[Source data]
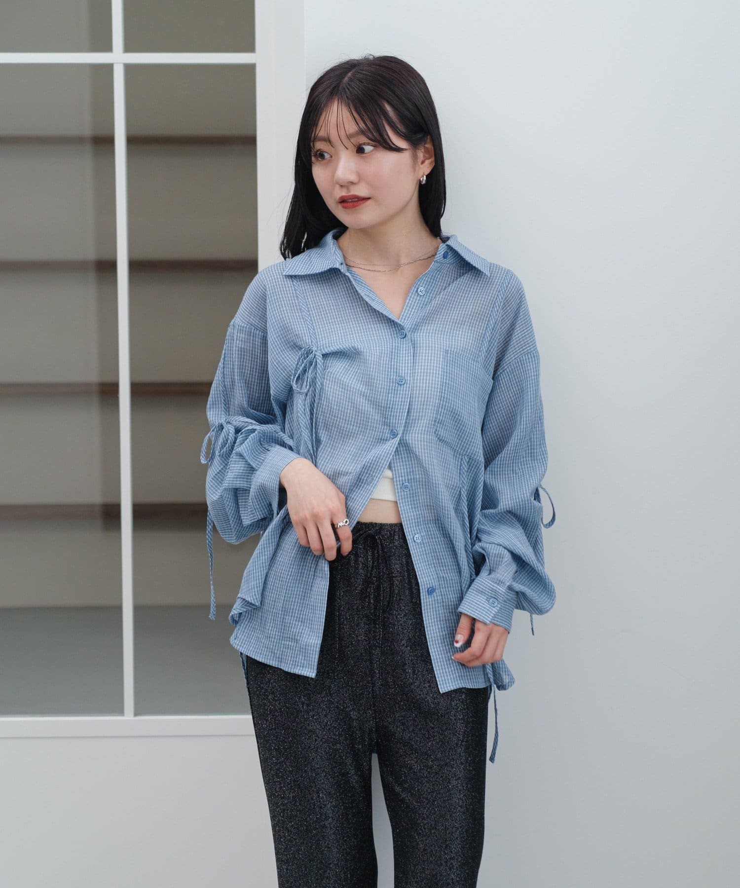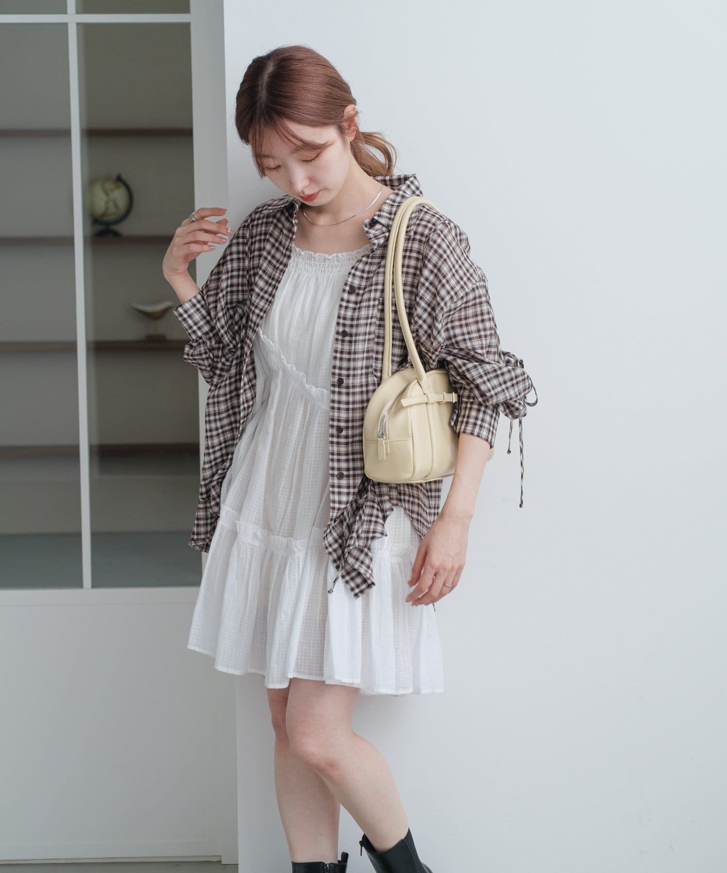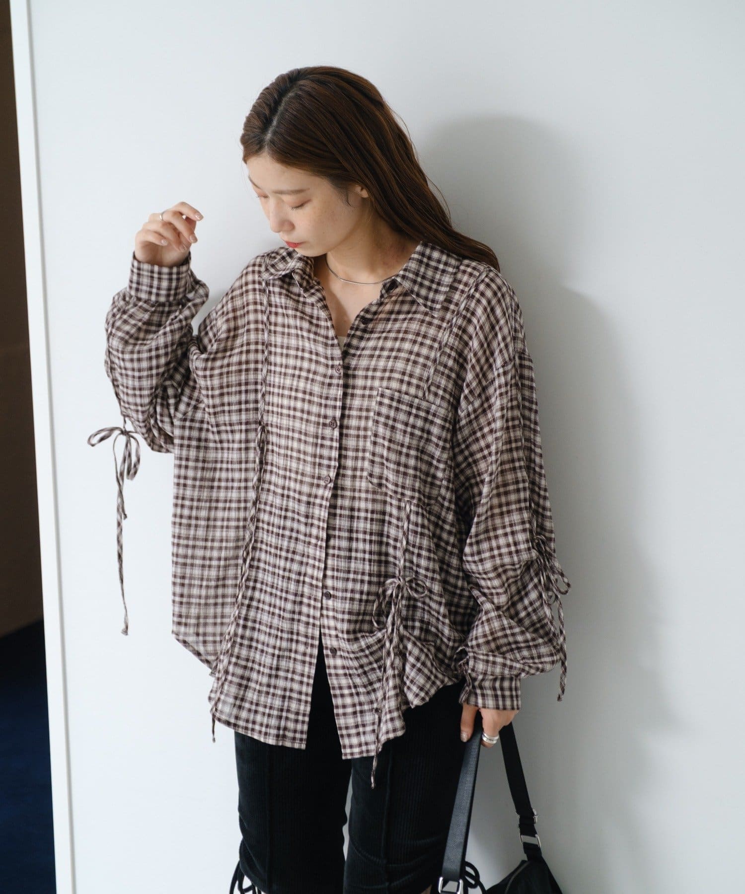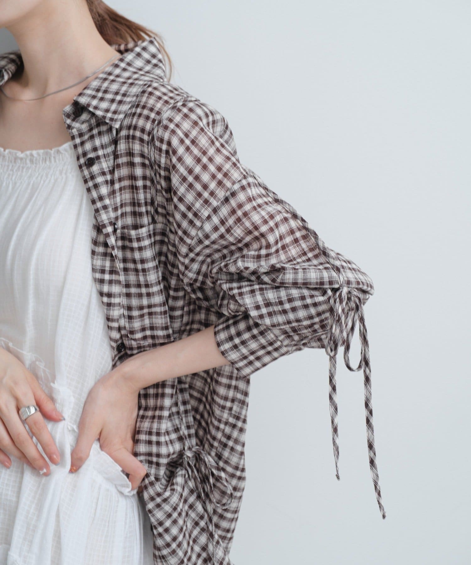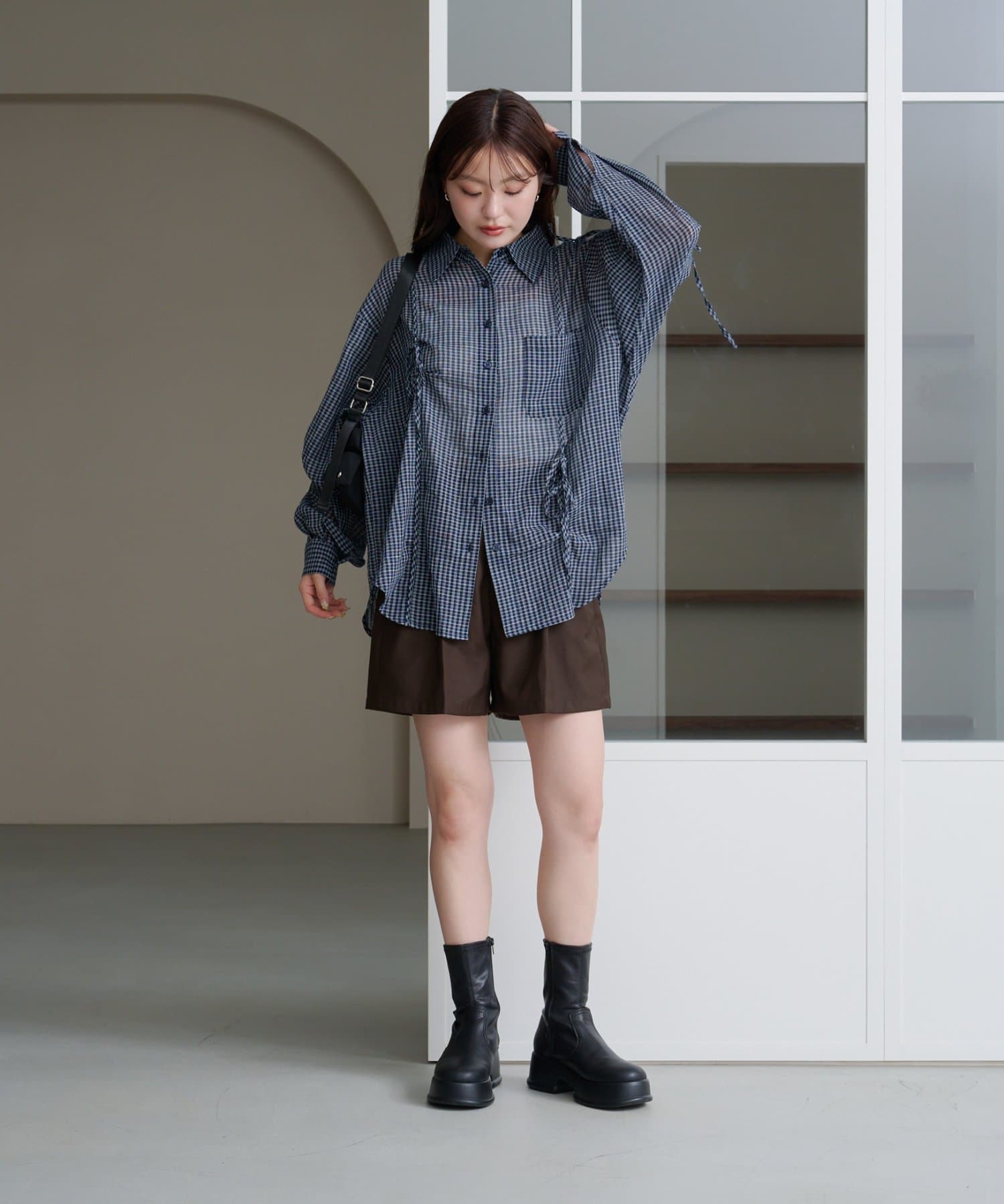 【新色追加/S.Mサイズ展開】チェックギャザーシャツ
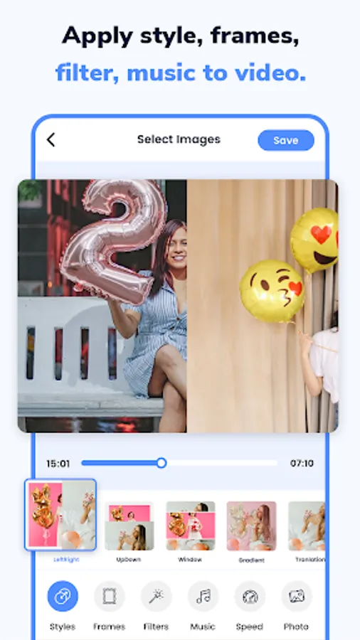 Make a birthday video by importing multiple photos from the gallery, adding music from the file manager, and trying multiple frames and filters to get the best result for free in a minute.
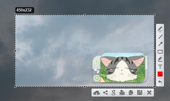 1、在桌面划定截图区域,点击两个按钮即可快速截取。
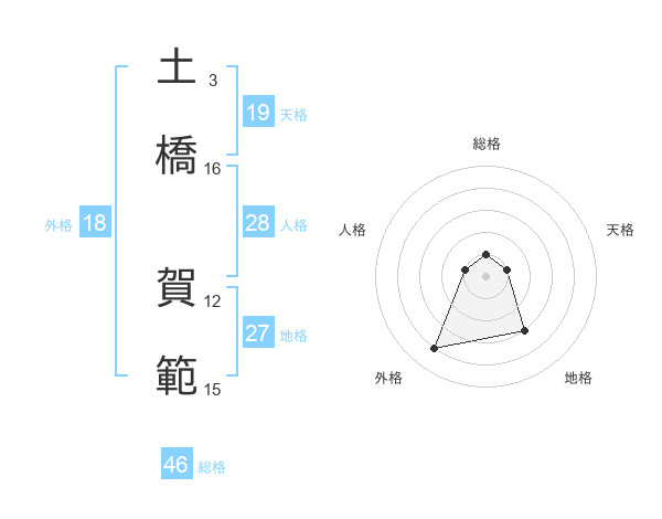 土橋 賀範さんを姓名の画数から五運を鑑定
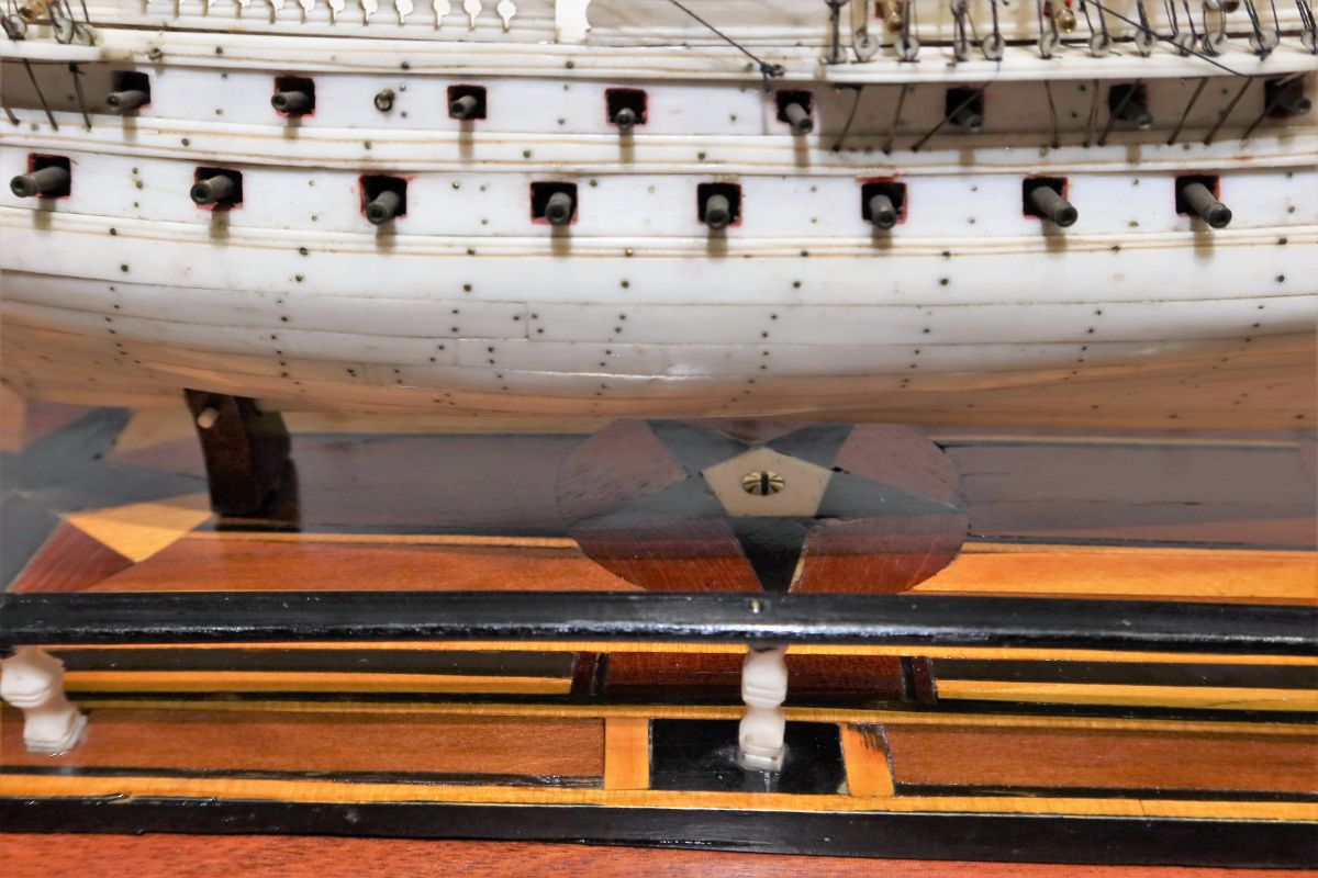 La maquette repose sur un socle en marqueterie de bois de couleurs et avec une balustrade en os et bois teinté noir.

• BRIEF: Pick up at the line that holds "Make a birthday" and restate each line, word for word, through the last line of the entries. Include both end lines but none of the pictures.

• RESPONSE AREA:
 Make a birthday video by importing multiple photos from the gallery, adding music from the file manager, and trying multiple frames and filters to get the best result for free in a minute.
 1、在桌面划定截图区域,点击两个按钮即可快速截取。
 土橋 賀範さんを姓名の画数から五運を鑑定
 La maquette repose sur un socle en marqueterie de bois de couleurs et avec une balustrade en os et bois teinté noir.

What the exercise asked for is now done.